MBSP
MBSP copied to clipboard
Lemmatization fails on CAPITALS
Fresh download of MBSP 1.4 from Github today:
>>> MBSP.lemmatize("The cats were sleeping.", tokenize=True)
u'the cat be sleep .'
For capital letters, only the first word works:
>>> MBSP.lemmatize("CATS WERE SLEEPING.", tokenize=True)
u'cat WERE SLEEPING .'
Other parts of MBSP have the same problem -- first word works, the rest fail:
>>> MBSP.parse('EATING PIZZA WITH A FORK.', lemmata=True)

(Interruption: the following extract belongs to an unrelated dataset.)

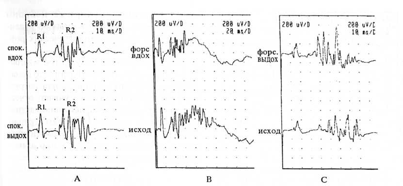 Объемно-временные параметры дыхательного цикла изучали с помощью компьютерного анализатора дыхания “АД-02” (“Медфизприбор”, Казань). Определяли дыхательный объем (Vt), частоту дыхательных движений (f) , минутный объем дыхания (V), время вдоха и выдоха (Ti, Те), фракционное время вдоха (Ti/Ttot), общее время дыхательного цикла (Ttot). Динамику рефлекторных ответов оценивали не только при спокойном дыхании, но и на фоне выполнения обследуемыми маневра в виде форсированного вдоха и выдоха. Кроме того, всем пациентам производились пробы с резистивной нагрузкой и произвольной гипервентиляцией. При этом резистивное сопротивление создавали в обе фазы дыхания с помощью специальной диафрагмы, встроенной в трубку Флейша. Гипервентиляционную пробу ставили в течение одной минуты. Во время выполнения данных дыхательных проб рефлекторные ответы регистрировали каждые 10—12 секунд последовательно в обе фазы дыхания.
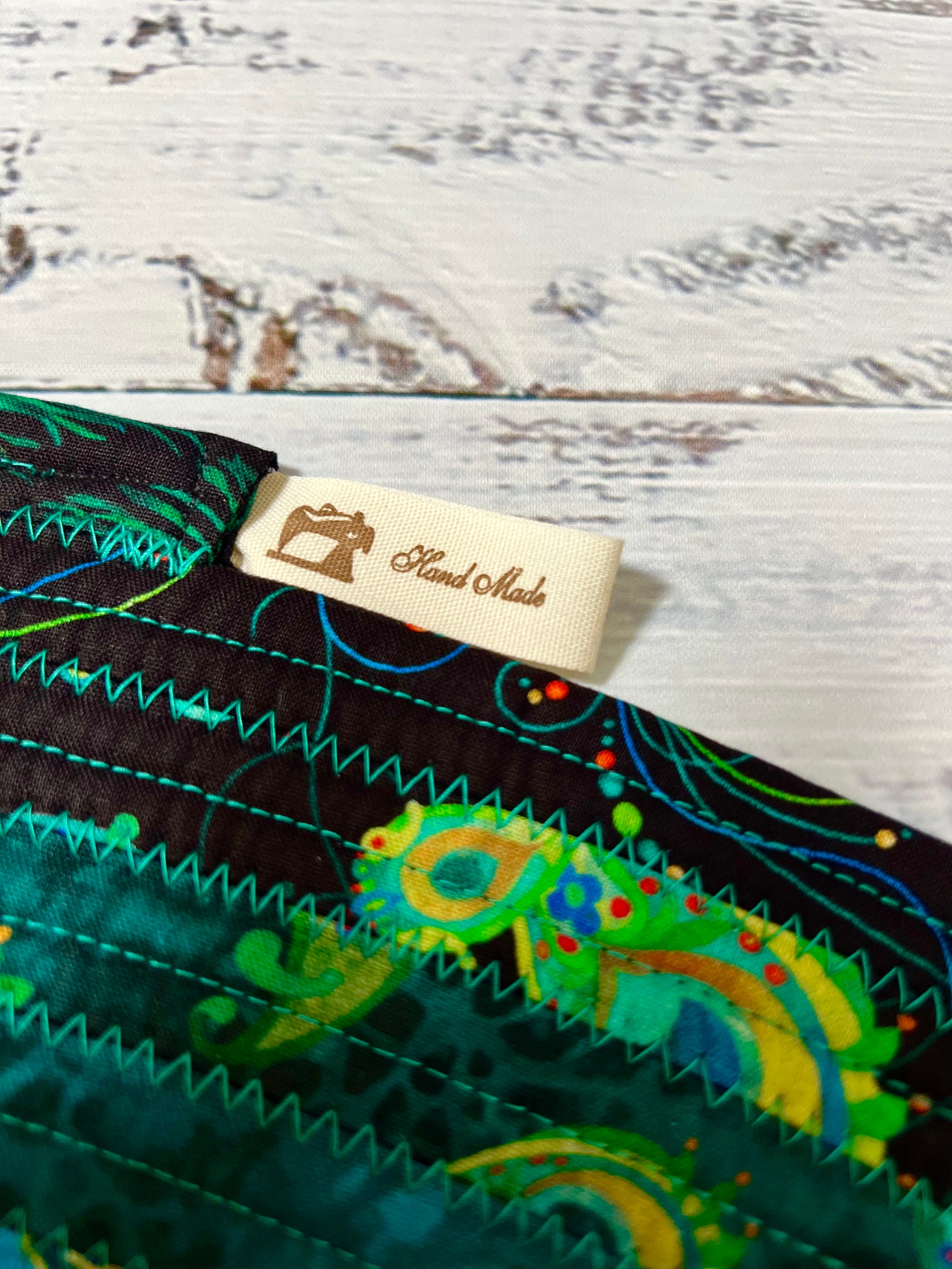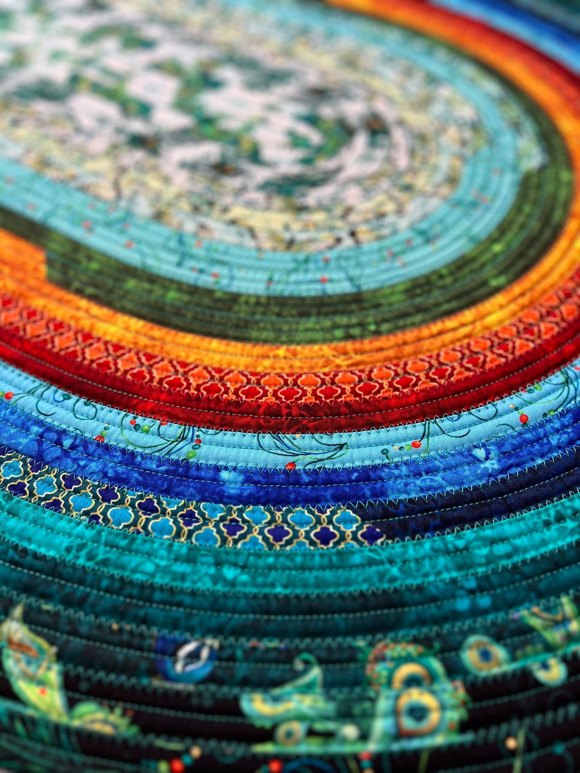 This unique jelly roll rug is made with multi-colored cotton fabric and cotton blend batting. Fabric designed by David Galchutt for Benartex. Size Approximately 29"X42"

u'EATING/VBG/I-VP/O/VP-1/A1/eat PIZZA/NN/I-NP/O/NP-OBJ-1/O/PIZZA WITH/IN/I-PP/B-PNP/O/P1/WITH A/DT/I-NP/I-PNP/O/P1/A FORK/NNP/I-NP/I-PNP/O/P1/FORK ././O/O/O/O/.'
>>> MBSP.tag(string, tokenize=True, lemmata=True)
u'CATS/NNS/cat ARE/VBP/ARE SLEEPING/NN/SLEEPING'
Sentences with initial capitals on non-initial words are handled correctly:
>>> MBSP.lemmatize("The Republicans were sleeping.", tokenize=True)
u'the Republican be sleep .'
Cheers, David